------ Dataset entries
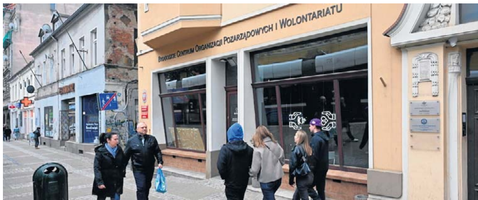
Nowy operator miejsca, gdzie działało bydgoskie centrum wolontariatu, panoramie przywróci panoramie centrum miasta sztyl „Współczesnej”

– Pomysł zrodził się już jakiś czas temu. Zastanawialiśmy się nad stworzeniem dziennej filii Mózgu – miejsca otwartego, dostępnego również poza godzinami koncertowymi. Pierwotnie myśleliśmy o Młynach Rothera, ale pojawiła się możliwość reali-
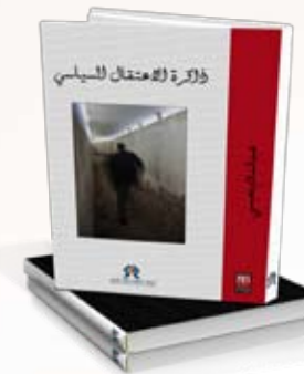
Mémoire de la détention politique Abdeslam Benaissi. Arabe
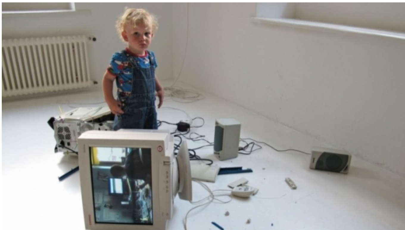
"My generation" (2010) Obra dels artistes Eva i Franco Mattes

En aquest punt ens referim a l'article La tecnología como inclusión educativa de la diversidad cultural [11][8] com a exemple il·lustratiu de l'anàlisi de l'ús de les anomenades autonarratives digitals com a eines pedagògiques de transformació social dissenyades per a afavorir un alumnat lingüísticament i culturalment divers. L'aprenentatge actiu és una de les oportunitats que ens brinda la revolució 4.0, i el projecte extraescolar 'La Clase Mágica' fa possible la connexió entre alumnes de diversos contextos culturals i lingüístics, i també fa que aquests alumnes esdevinguin professors d'ells mateixos i els seus companys. Està dirigit a estudiants hispans bilingües d'un centre de Texas, i fa ús de dispositius com les tauletes, els telèfons mòbils i els jocs en línia per mostrar les potencialitats de la Xarxa pel que fa a la construcció de coneixement, llenguatges, identitat, respecte i confiança. 'La Clase Mágica', amb tot, és un projecte que ve de lluny. Es tracta d'un model basat en el constructivisme social que es va originar fa anys per afavorir la inclusió de minories (en concret, la integració d'infants migrants llatins a la cultura nord-americana), i que s'ha implantat en entorns molt diversos arreu del món.
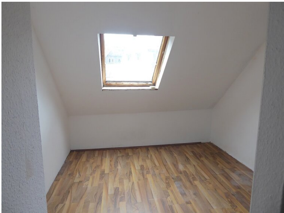
Schlafzimmer II DG
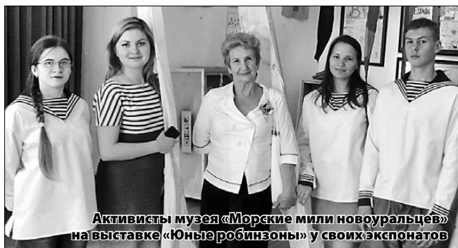
Активисты музея «Морские мили новоуральцев» на выставке «Юные робинзоны» у своих экспонатов

Помимо церемонии чествования победителей и призеров смотра-конкурса, в программу слета была включена экскурсия в музей истории Екатеринбурга. Там юные краеведы посетили две выставки. Первая называется «Эвакуация» и рассказывает о предприятиях и их работниках, эвакуированных после начала войны в Свердловск. Ребята узнали очень много нового. Напри-
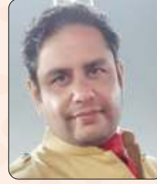
वीर प्रताप सिंह बधाल रिसोर्ट
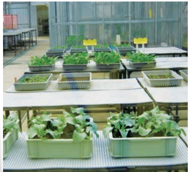
▲ Lawatan peserta program ke kawasan pertanian rumah hijau yang diusahakan oleh Koperasi Pertanian Enshu-chuo di Wilayah Shizuoka
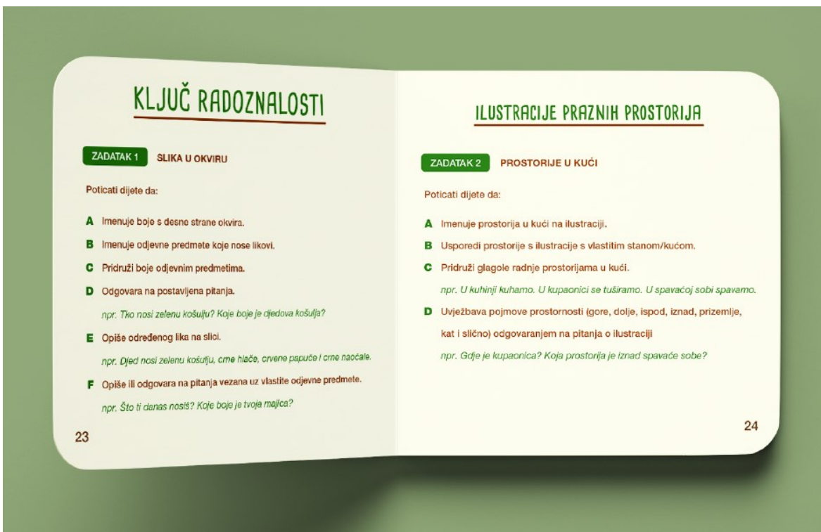
Slika 23. Priručnik za roditelje – primjer dvostraničja
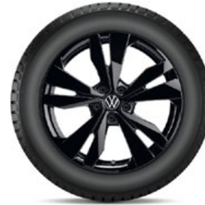
VW Loen Schwarz
------------
Directions for this task
In the data above, find the line with "Schlafzimmer II DG" and repeat it and every line after it through the end, exactly; leave the pictures out.

Result
Schlafzimmer II DG
Активисты музея «Морские мили новоуральцев» на выставке «Юные робинзоны» у своих экспонатов

Помимо церемонии чествования победителей и призеров смотра-конкурса, в программу слета была включена экскурсия в музей истории Екатеринбурга. Там юные краеведы посетили две выставки. Первая называется «Эвакуация» и рассказывает о предприятиях и их работниках, эвакуированных после начала войны в Свердловск. Ребята узнали очень много нового. Напри-
वीर प्रताप सिंह बधाल रिसोर्ट
▲ Lawatan peserta program ke kawasan pertanian rumah hijau yang diusahakan oleh Koperasi Pertanian Enshu-chuo di Wilayah Shizuoka
Slika 23. Priručnik za roditelje – primjer dvostraničja
VW Loen Schwarz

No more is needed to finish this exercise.